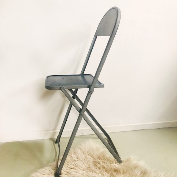 Zware industriele klapstoel ontworpen door Friso kramer 1933 voor Ahrend. Aan het achterzijde is het logo van Heineken nog duidelijk zichtbaar. Met recht een collector’s item.
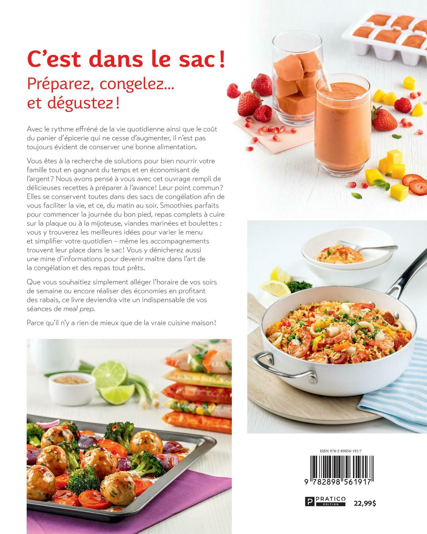 Avec le rythme effréné de la vie quotidienne ainsi que le coût du panier d’épicerie qui ne cesse d’augmenter, il n’est pas toujours évident de conserver une bonne alimentation. Vous êtes à la recherche de solutions pour bien nourrir votre famille tout en gagnant du temps et en économisant de l’argent ? Nous avons pensé à vous avec cet ouvrage rempli de délicieuses recettes à préparer à l’avance ! Leur point commun ? Elles se conservent toutes dans des sacs de congélation afin de vous faciliter la vie, et ce, du matin au soir. Smoothies parfaits pour commencer la journée du bon pied, repas complets à cuire sur la plaque ou à la mijoteuse, viandes marinées et boulettes : vous y trouverez les meilleures idées pour varier le menu et simplifier votre quotidien – même les accompagnements trouvent leur place dans le sac ! Vous y dénicherez aussi une mine d’informations pour devenir maître dans l’art de la congélation et des repas tout prêts.Que vous souhaitiez simplement alléger l’horaire de vos soirs de semaine ou encore réaliser des économies en profitant des rabais, ce livre deviendra vite un indispensable de vos séances de meal prep. Parce qu’il n’y a rien de mieux que de la vraie cuisine maison !
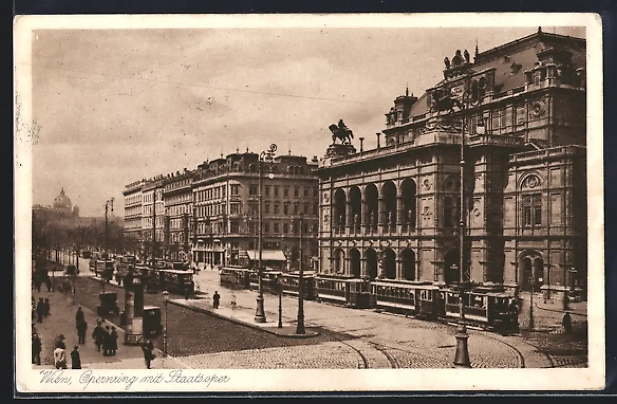 AK Wien, Opernring mit Staatsoper u. Strassenbahn

__What the task asks__: Without the pictures, write out every line above exactly as it appears.

__Completed exercise__:
 Zware industriele klapstoel ontworpen door Friso kramer 1933 voor Ahrend. Aan het achterzijde is het logo van Heineken nog duidelijk zichtbaar. Met recht een collector’s item.
 Avec le rythme effréné de la vie quotidienne ainsi que le coût du panier d’épicerie qui ne cesse d’augmenter, il n’est pas toujours évident de conserver une bonne alimentation. Vous êtes à la recherche de solutions pour bien nourrir votre famille tout en gagnant du temps et en économisant de l’argent ? Nous avons pensé à vous avec cet ouvrage rempli de délicieuses recettes à préparer à l’avance ! Leur point commun ? Elles se conservent toutes dans des sacs de congélation afin de vous faciliter la vie, et ce, du matin au soir. Smoothies parfaits pour commencer la journée du bon pied, repas complets à cuire sur la plaque ou à la mijoteuse, viandes marinées et boulettes : vous y trouverez les meilleures idées pour varier le menu et simplifier votre quotidien – même les accompagnements trouvent leur place dans le sac ! Vous y dénicherez aussi une mine d’informations pour devenir maître dans l’art de la congélation et des repas tout prêts.Que vous souhaitiez simplement alléger l’horaire de vos soirs de semaine ou encore réaliser des économies en profitant des rabais, ce livre deviendra vite un indispensable de vos séances de meal prep. Parce qu’il n’y a rien de mieux que de la vraie cuisine maison !
 AK Wien, Opernring mit Staatsoper u. Strassenbahn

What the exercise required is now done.